#### [ASSIGNED TASK]
An exact copy of the listing below is needed, with no pictures in it.

#### [DATASET SECTION]

════════

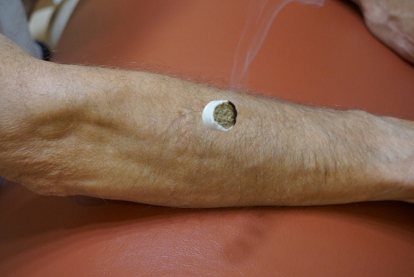 Sitting there, I experienced a sensation of heat on my arm, accompanied by the strong but pleasant smoky smell of the burning moxa. At the end of my relaxing acupuncture and moxibustion “moment” I could certainly move my neck more freely.
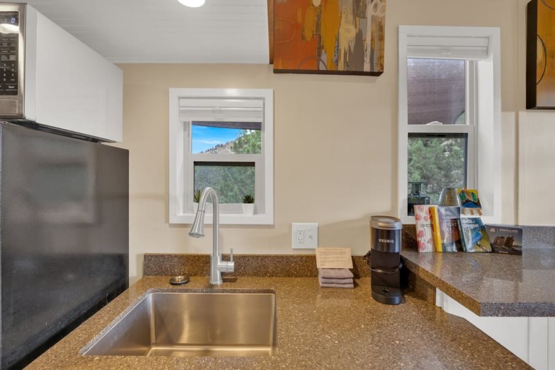 All of our Tiny Homes are Amazing! Crown Point is perfect for just two people to relax and enjoy the sounds and sights of Lake Simtustus. If you need a little more room, we have our Eagles Landing Tiny Homes, which can sleep up to 4 guests, and our Juniper Hill Tiny Homes can sleep 3-6 people, depending on the Tiny Home. Come and enjoy the Lake Life!
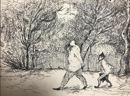 董性以在杀青后把这个剧本里没有的场景画下来,路胜舅迈着大步走在田埂上,拿一支麦克风,后面摇晃着一个小男孩。
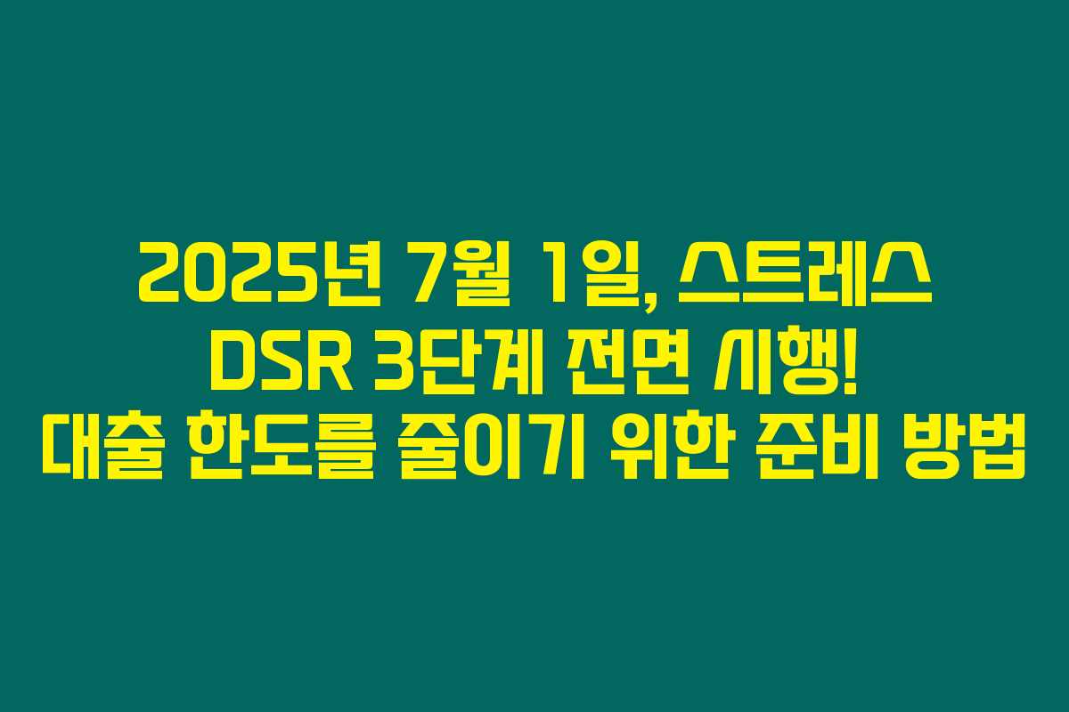2025년 7월 1일부터 스트레스 DSR 3단계가 전면 시행되며, 이로 인해 대출 한도와 상환 능력이 크게 변화합니다. 저는 이 변화를 통해 조사해본 내용을 여러분께 정리해보았습니다.

════════

#### [RESULT BELOW]
 Sitting there, I experienced a sensation of heat on my arm, accompanied by the strong but pleasant smoky smell of the burning moxa. At the end of my relaxing acupuncture and moxibustion “moment” I could certainly move my neck more freely.
 All of our Tiny Homes are Amazing! Crown Point is perfect for just two people to relax and enjoy the sounds and sights of Lake Simtustus. If you need a little more room, we have our Eagles Landing Tiny Homes, which can sleep up to 4 guests, and our Juniper Hill Tiny Homes can sleep 3-6 people, depending on the Tiny Home. Come and enjoy the Lake Life!
 董性以在杀青后把这个剧本里没有的场景画下来,路胜舅迈着大步走在田埂上,拿一支麦克风,后面摇晃着一个小男孩。
2025년 7월 1일부터 스트레스 DSR 3단계가 전면 시행되며, 이로 인해 대출 한도와 상환 능력이 크게 변화합니다. 저는 이 변화를 통해 조사해본 내용을 여러분께 정리해보았습니다.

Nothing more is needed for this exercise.